Alfred Nobel once said that if he had 300 ideas in a year, and one of them turned out to be a good one, he would be satisfied. A chemist and engineer, holder of more than 300 patents, Nobel’s best known invention was a way to tame unpredictable nitroglycerin by combining it with chalk and other inert ingredients; the result he named dynamite after the Greek word for power. He had less successful inventions, such as the bicycle that the rider moved with pedals that pumped rather than spun.
Michael Sohlman retired as executive director of the Nobel Foundation in May 2011 after nineteen years in that position. He spoke last week in Bloomington about Nobel and the intellectual origin of the prizes. Nobel was known to be a shrewd businessman, but he also had lifelong engagement with philosophy and political theory.
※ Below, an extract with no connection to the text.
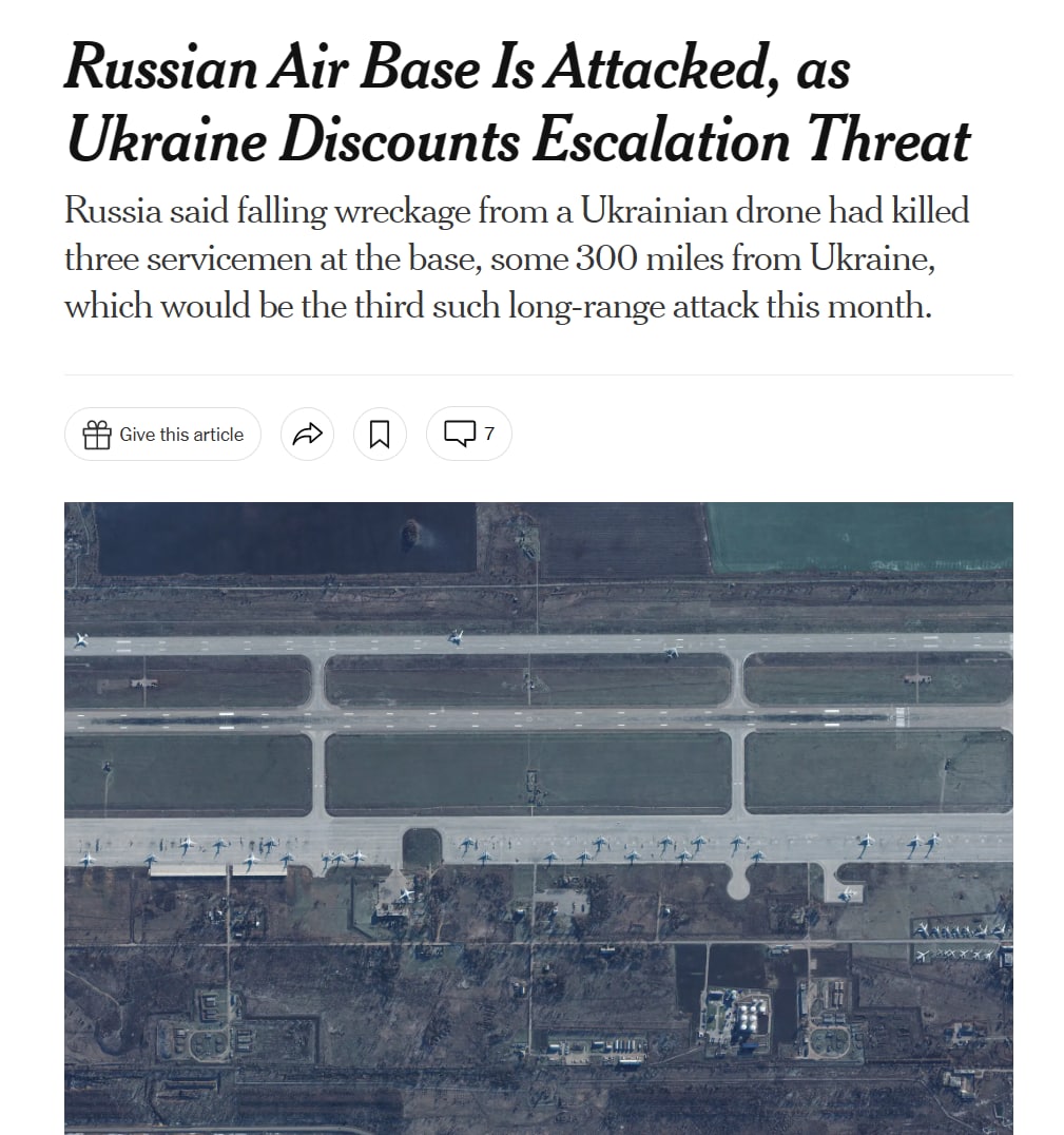 10:01 Новый удар по российскому аэродрому "Энгельс" отражает "мнение политического и военного руководства Украины о том, что риск эскалации войны со стороны Москвы в отместку невелик".
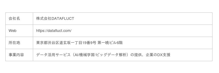 DATAFLUCTは、2019年の設立以来「データを商いに」というビジョンのもと、活用されていないデータから新たなビジネスを創出し、企業と社会に価値を生み出しつづけるデータサイエンス・スタートアップスタジオです。衛星画像データから位置情報やPOSデータまで幅広い分析実績をもち、技術やデータにかかわらず業界をこえたアルゴリズム構築を得意としています。

He kept up a correspondence of 20 to 30 letters a day to friends, philosophers, and intellectuals all over Europe. He wrote a prose tragedy with such a dismal view of the world that made his friends attempt to destroy all copies when it was published at the end of his life. Sohlman believes it was the philosopher in Nobel, not the inventor or businessman, that prompted him to create an award that would come to define the way to honor creative endeavor around the world.
Although in rare cases institutions were honored, the award went overwhelmingly to individuals, individuals with the creative energy to define a new idea and to convince others of its “benefit to mankind” (to quote Nobel’s will). Ideas do not honor national borders. Nobel spoke six languages, and the Nobel Prize was possibly the first such honor to have an international reach, much to the chagrin of some of his countrymen, who wished it had been set up to promote Swedish achievements only.
Although Nobel’s will stipulated the bodies that would choose each year’s awards, he left no instructions on how the effort was to be coordinated. The Nobel Foundation, established in 1900 for this purpose, has been singularly successful in assuring the secrecy of deliberation and the respect for Nobel’s defining principles in making the awards. Asked if the Foundation regretted any of the prizes it had given, Sohlman was quick to point out that historical context must be understood before such judgments are made. He offered a single example. In 1949, Antonio Egas Moniz received half of the physiology/medicine prize in recognition of his promotion of lobotomy for certain psychoses. “At the time,” Sohlman commented, “there were few treatments that seemed as humane. We of course understand such things a great deal better now.” As a man who saw that one good idea in 300 made the intellectual effort worthwhile, Nobel would have been pleased with the Foundation’s track record.